The Bee Sting Philosophy of Life

It happened the other afternoon. The injustice. The betrayal. The perspective change.

My kids and I were having lunch outside on the patio of a restaurant. It was a lovely October North Carolina afternoon. The sun was shining and bees were flying about as we ate our sandwiches. This scene was perfect – blue skies, warm temperatures, and insect life surrounding us. The bees didn’t bother us; I had taught my kids to be calm around them. I ensured them that the insects were not interested in us and only would sting if we acted crazy causing the animals to move into defense mode. So, there we were eating, laughing, enjoying the sun when suddenly I hear my 4-year-old daughter scream like I have not heard her scream before.
Bolting into action I spun around looking for the culprit. My daughter grabbed her arm and insisted a bee stung her. I couldn’t believe it! How was that possible? We followed the rules. The bees crossed the line. Our first reminder that life is not fair.

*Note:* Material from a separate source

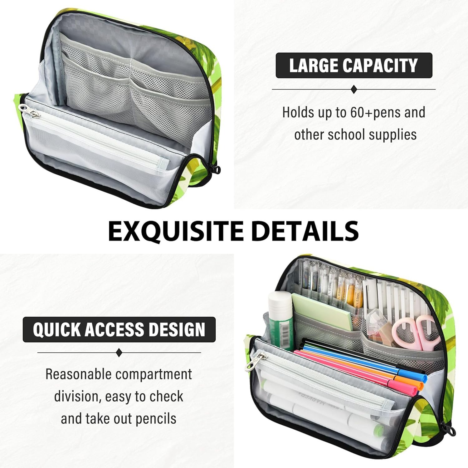Pratico design autoportante: l'astuccio si trasforma facilmente da una custodia con cerniera a un contenitore verticale da scrivania, aiutandoti a individuare rapidamente penne, strumenti o accessori a colpo d'occhio Resistente all'usura e lavabile: il materiale scolastico per ragazze è realizzato in nylon di poliestere di alta qualità che resiste a graffi e macchie, offrendo un facile lavaggio a mano per una freschezza a lungo termine Design versatile con scomparti: l'organizer per matite colorate ti aiuta a rimanere organizzato con un interno spazioso con aree distinte per tutti i tuoi articoli di cancelleria, strumenti o cosmetici Non solo per articoli di cancelleria: il simpatico astuccio è pronto per contenere materiale scolastico, oggetti essenziali da viaggio o prodotti di bellezza, adattandosi perfettamente a ogni stile di vita Elegante e personalizzato: il grande astuccio carino si distingue con stampe divertenti e caratteristiche personalizzabili, che lo rendono adatto per regali premurosi in ogni occasione

A European honey bee (Apis mellifera) extracts...

A European honey bee (Apis mellifera) extracts nectar from an Aster flower using its proboscis. (Photo credit: Wikipedia)

I quickly picked up my daughter and hugged, kissed, and rocked her as she screamed bloody-murder into my ears. But then, the pain subsided a bit and the screaming changed into sobs. After a few more moments, the crying was interrupted by some pauses and then we moved into recovery mode. Going into the restaurant, I asked for some ice and told the man what had happened. He looked at me strangely and then said “She is handling the sting very well.” She was. I was proud of her. Then he added, “What did you do or say to her that she is so calm?”

“I whispered to her that it was not fair that the bee stung her, but that it happened and she needed to decide how she was going to respond to it. It was all up to her.”

My daughter has heard me preach this message before. The act itself, and the pain that followed, was not deserved. She did nothing “wrong” and still she was attacked. But, she could have cried and cried and let her whole day be ruined or she could decide to move on and let her body heal itself and focus on that which was still good.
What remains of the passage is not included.